Jack Fielding is an experienced forensic pathologist who doesn’t take orders from Marino. If my deputy chief opted to be hands-off and defer to me, it likely means we’ve got a case that could have political implications or get us sued. It bothers me considerably that Fielding hasn’t tried to call or e-mail me. I check my iPhone again. Nothing from him.

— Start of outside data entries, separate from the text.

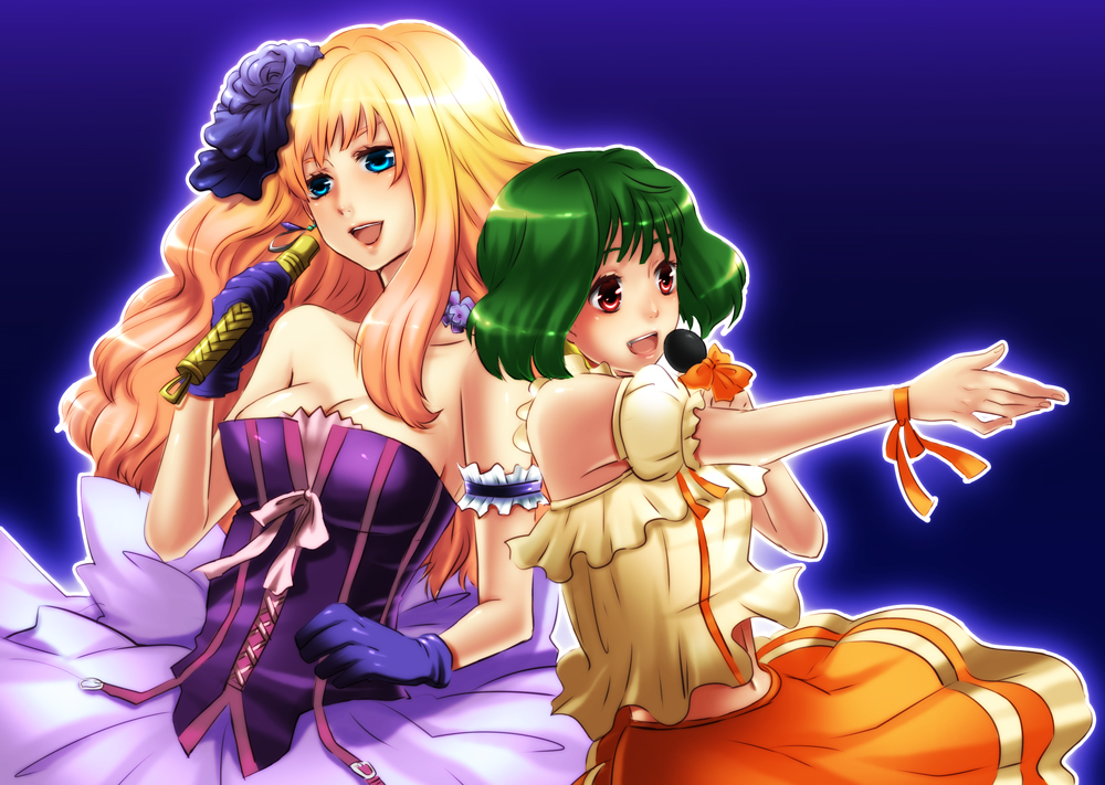 00s2girlsbare shouldersblonde hairblue eyesearringsglovesgreen hairjewelrymicrophonemultiple girlsred eyessmile
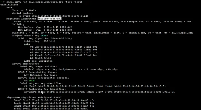 开发者可使用openssl命令opensslx509 –in ca.example.com-cert.crt –text -noout查看所下载的证书内容是否采用国密签名机制如下图所示。
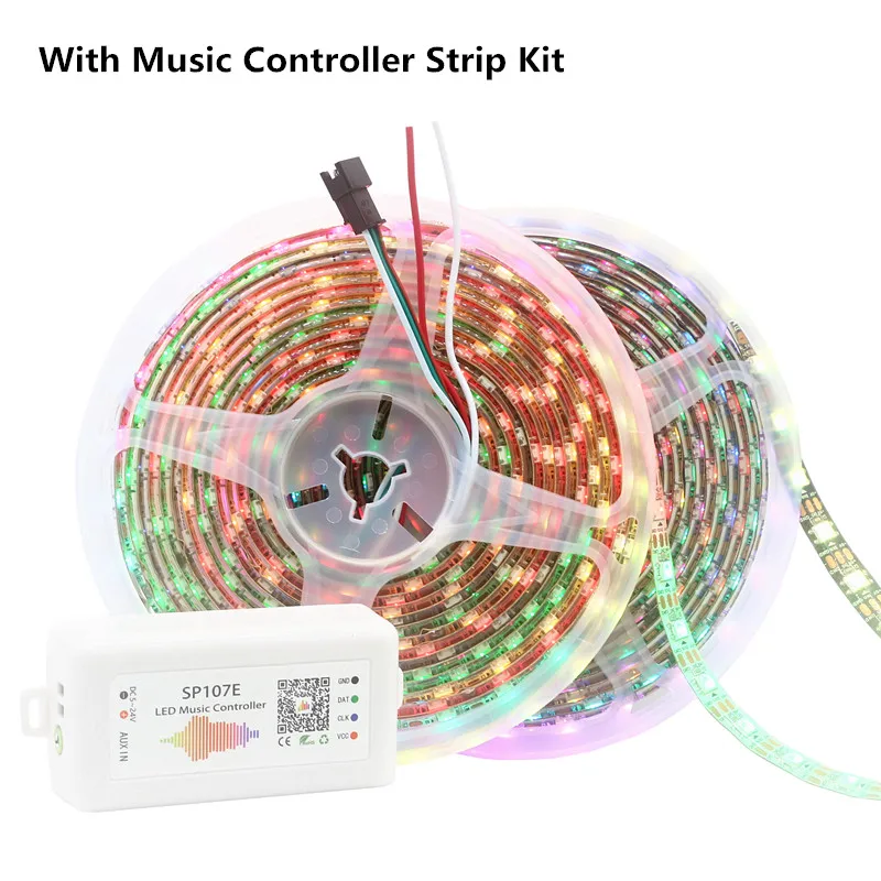 DC 5V WS2812B WS2812 светодиодная Пиксельная полоса индивидуально Адресуемая умная Светодиодная лента светильник + музыка Bluetooth WiFi контроллер комплект питания 5m

“About three-thirty yesterday afternoon in Cambridge,” Marino is saying, and we’re on Atlantic Street now, driving slowly through the middle of the base in the near dark. “Norton’s Woods on Irving, not even a block from your house. Too damn bad you weren’t home. You could have gone to the scene, could have walked there, and maybe things would have turned out different.”

“What things?”

“A light-skinned male, possibly in his twenties. Appears he was out walking his dog and dropped dead from a heart attack, right? Wrong,” he continues as we pass rows of concrete and metal maintenance facilities, hangars and other buildings that have numbers instead of names. “It’s broad daylight on a Sunday afternoon, plenty of people around because there was an event at whatever that building is, the one with the big green metal roof.”

Norton’s Woods is the home of the American Academy of Arts and Sciences, a wooded estate with a stunning building of timber and glass that is rented out for special functions. It is several houses down from the one Benton and I moved into last spring so I could be near the CFC and he could enjoy the close proximity of Harvard, where he is on the faculty of the medical school’s Department of Psychiatry.